1. Write and/or draw what you feel about a situation, then go on to describe/draw how you would like to feel. For example, use coloured markers to draw your feelings as you describe to yourself how a difficult situation arose. Just in doing this, you may notice that suddenly you give a big sigh; this indicates that some deep feeling has been reached. Sometimes just this is enough to clear a situation. If more work is needed, see what happens to both you and your drawing as you bring light (with colour) into it while at the same time asking, “May there be light and love here.”

 

2. Another approach is to imagine that you hold the situation and all who are involved in it and ask that it be filled with light/love. The light/love does not have to come from you. Watch as light flows through everyone and everything, including you.

 

3. A third and very helpful approach is to go to Nature for insight. (2) For example, put your back against a large, healthy tree and tell it about the situation and ask for guidance. Notice, feelings, images, words, memories, etc. that come. They come quickly and with great insight.

 

4. Dora Kunz advised that when dealing with a problem, you take it to a higher chakra.
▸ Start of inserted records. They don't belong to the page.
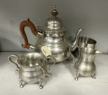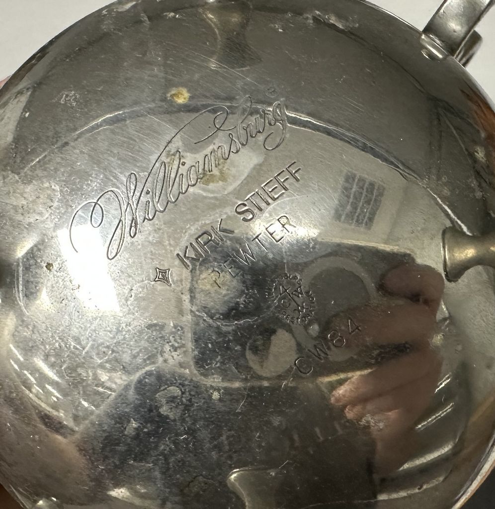 Kurt Stieff Williamsburg Pewter Service Set, Pitcher, creamer, sugar, Location Right Metal Shelves Kurt Stieff Williamsburg Pewter Service Set, Pitcher, creamer, sugar, Location Right Metal Shelves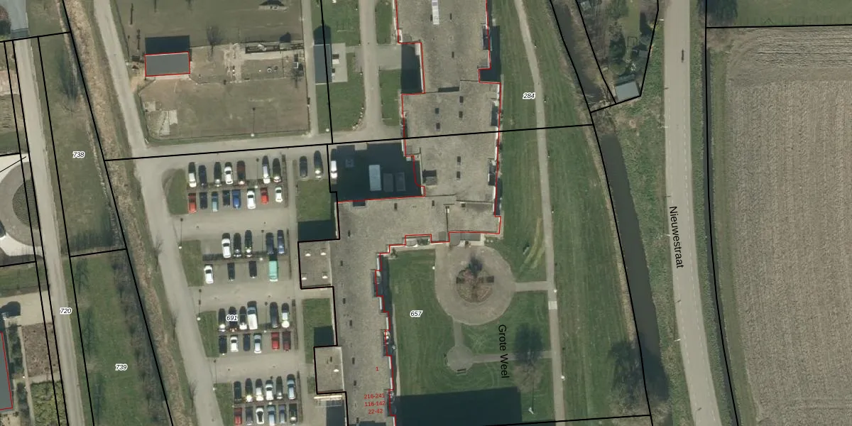 Het perceel waarop Grote Weel 122 staat heeft een oppervlakte van 4859 m². Dit is een zeer groot perceel. De perceeloppervlakte wordt geregistreerd door het Kadaster. Gedetailleerde informatie over de maten van dit perceel kunt u vinden in het rapport Kadastrale kaart met maatvoering van Grote Weel 122.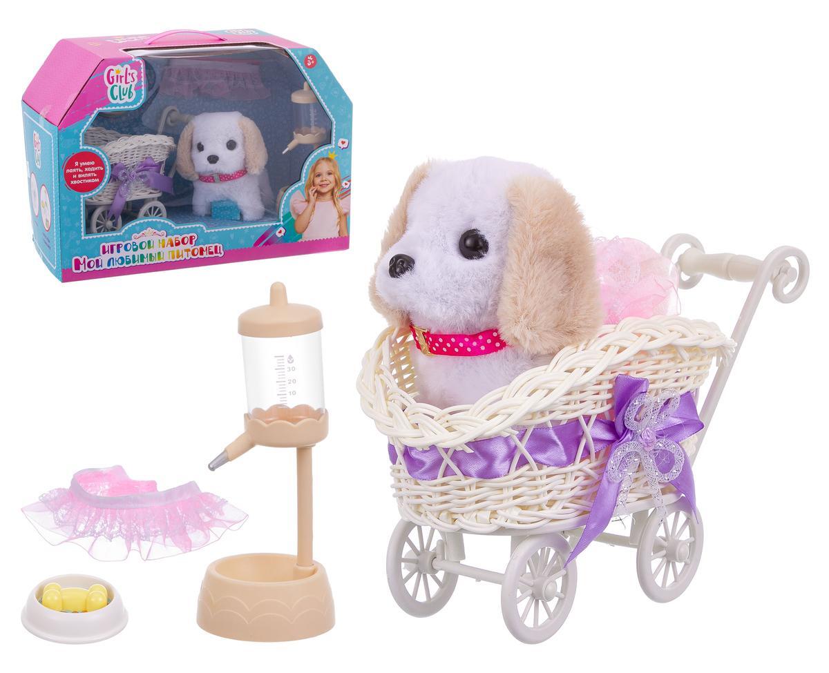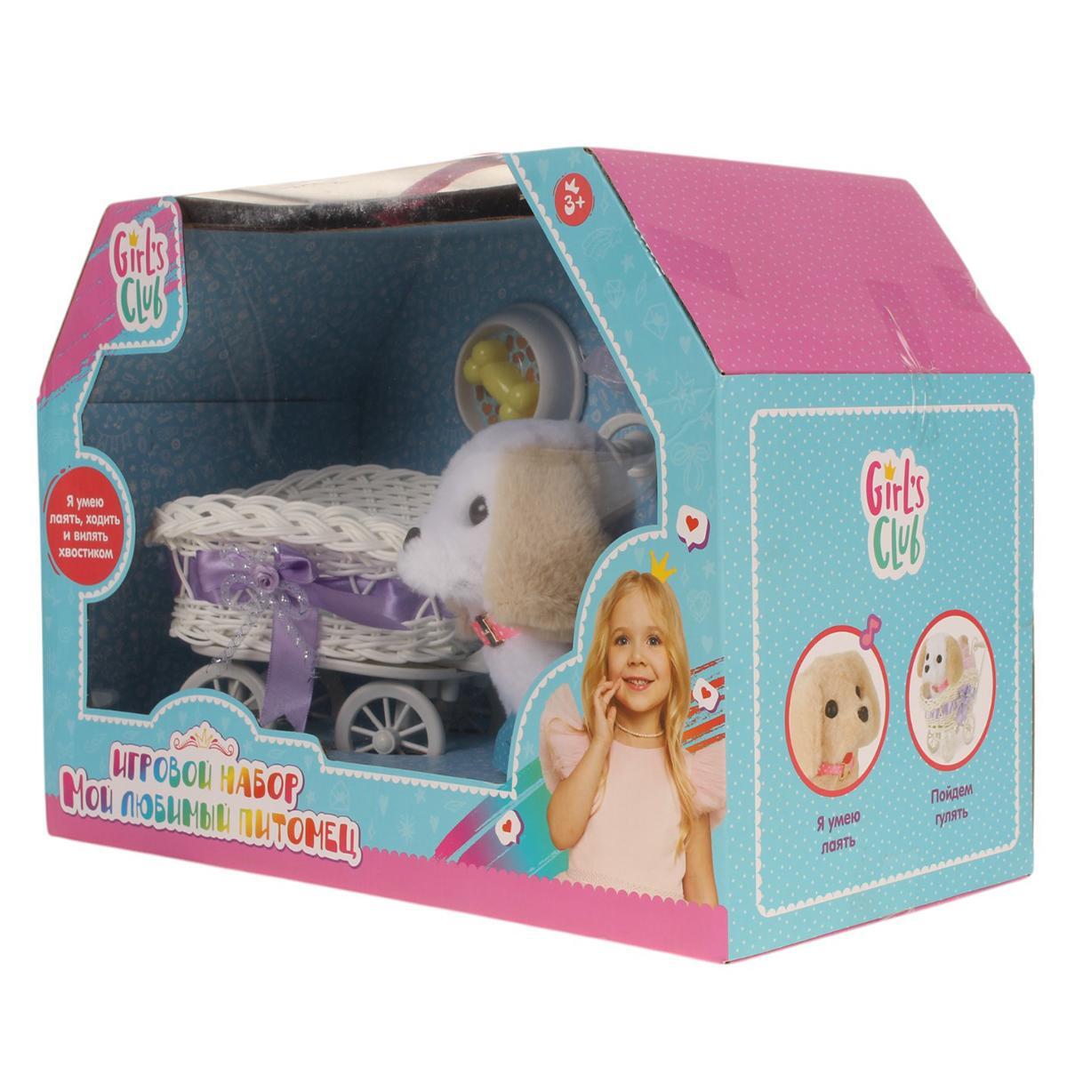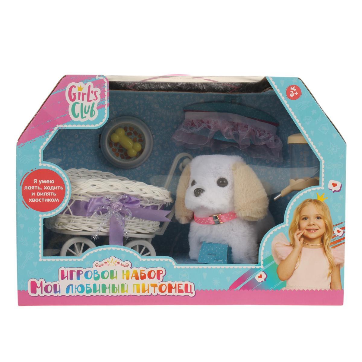 В набор входят: щенок белого цвета с коричневыми ушами, коляска с розовой лентой, поилка и миска. Все элементы набора выполнены из качественных и безопасных материалов. Размеры и другие количественные характеристики не указаны, но все детали идеально подходят для детских рук. Набор упакован в яркую коробку с изображением девочки и надписью 'Girls Club', что делает его отличным вариантом для подарка.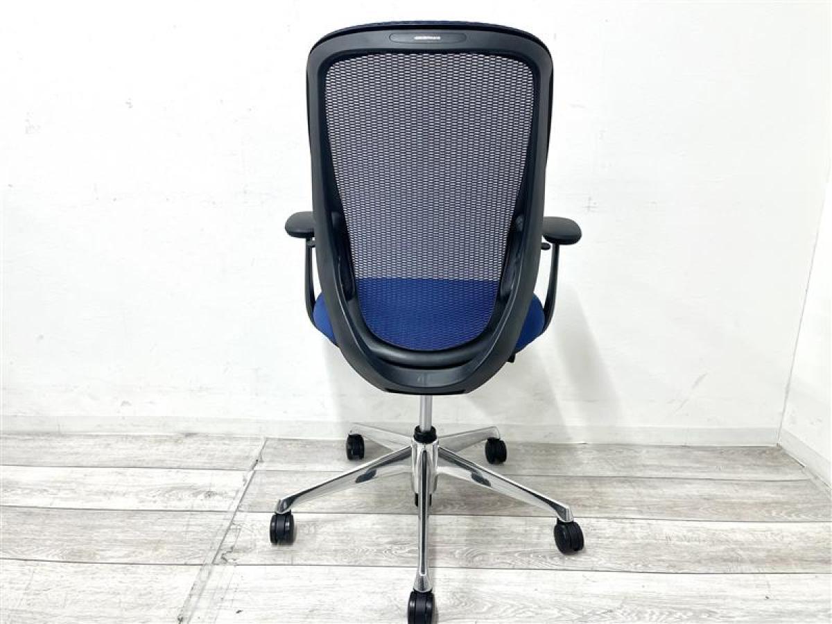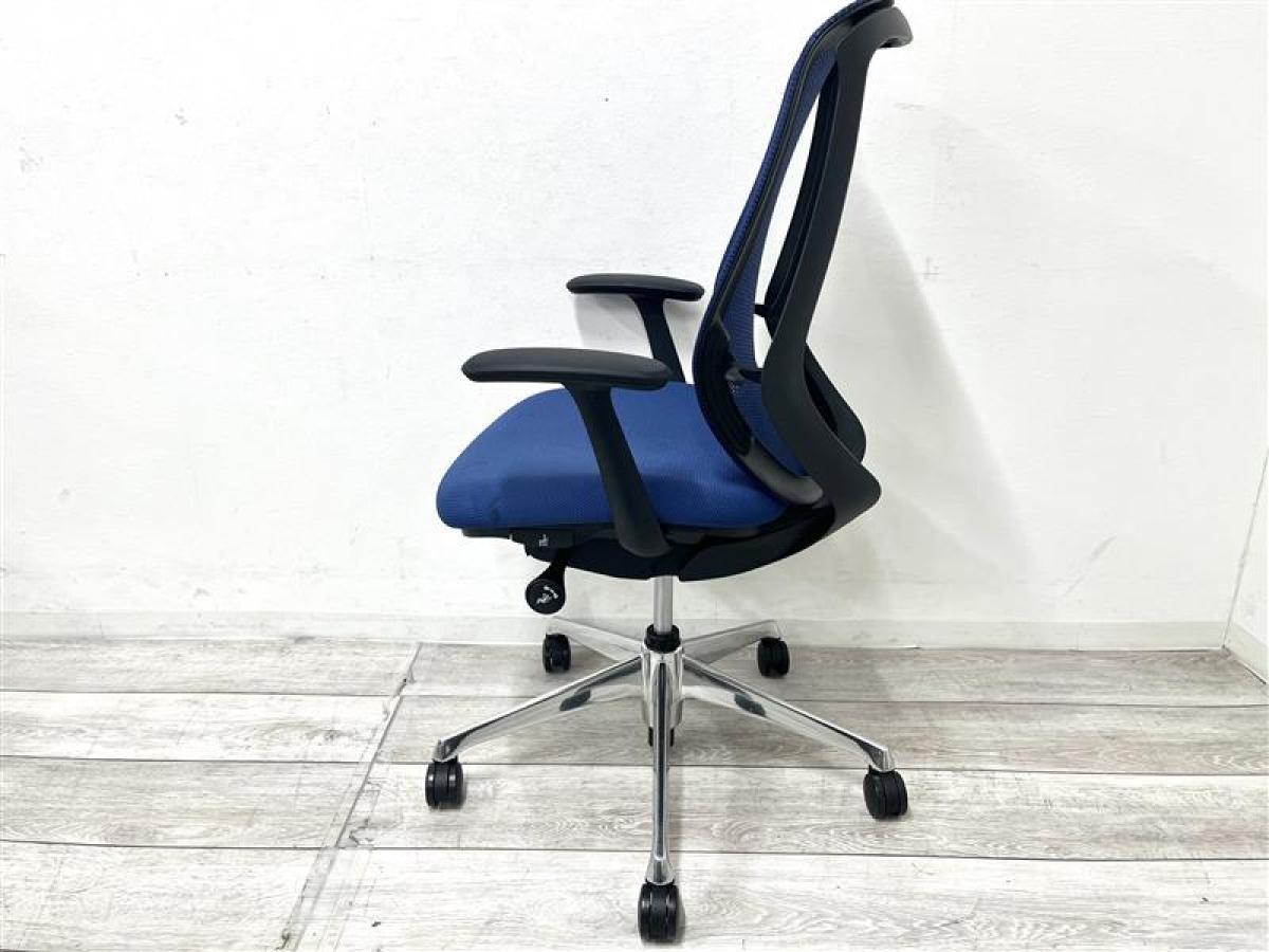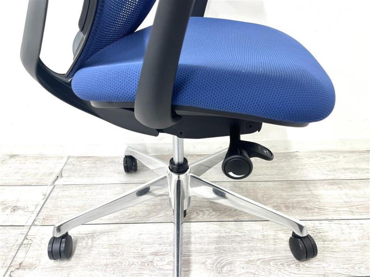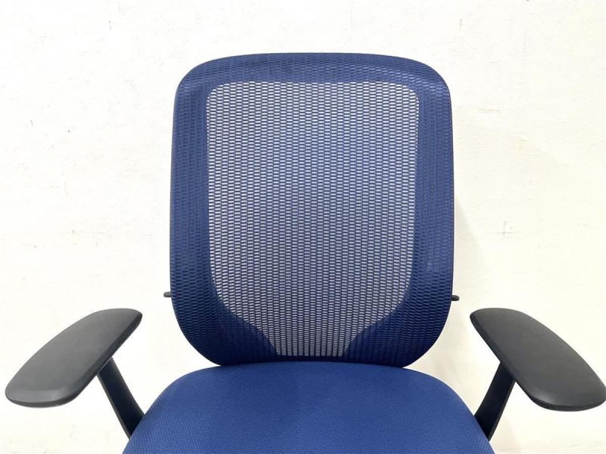 【在庫入れ替え】【訳あり品】ロッキング不良により固定不可となります。【三次元曲面が快適にフィットして背のカーブを変えられる新感覚のオフィスシーティング!】■オカムラ(okamura)製 シルフィ(Sylphy)チェア 肘付き ハイバック 背面メッシュ ■可動肘 ■インディゴブルー×ブラックシェル

If someone is working with control issues, focus on your heart. The Heart-Math Institute recommends that you think of someone or an animal that you love and feel that love for a minute or two; then coming back to the problem. It has usually diminished. (3)

 

Living the Life of a Healer

 

To be a healer is not just about giving Therapeutic Touch treatments to other people. It is about healing one’s own life and through that touching the whole of existence.

 

Note:

1. Barbara Janelle, “Brian’s Team,” In Touch, Vol. VIII, no. 1, March 1996. Also in Barbara Janelle, Our Healing Power, Self-published, Kitchener-Waterloo, ON: 1999, 2004

 

2. I walked around the garden today sprinkling Steiner’s Biodynamic mixture as a blessing and invitation to the plants to do well, and an expression of my willingness to Nature to try to work with her in all her forms and intelligences. As I walked I also thanked the plants that have brought beauty to my life.

 

Afterwards, I sat and asked the garden intelligence for help to find a way to come from my heart with respect to a big issue that was looming over me.

 

A voice asked “What did you just do?”

 

I replied, “I walked around the garden thanking and blessing all the plants.”

 

The voice said “Why not do the same for everyone in the problem situation?”

 

I sat there and thought of so many members of this wonderful family. and thanked them for all that I have learned from them and blessed them in my mind/heart. Man, did that feel good! And I don’t feel a need to do anything other than that right now.

 

3. Paul Pearsall, The Heart’s Code, Broadway Books, New York: 1998.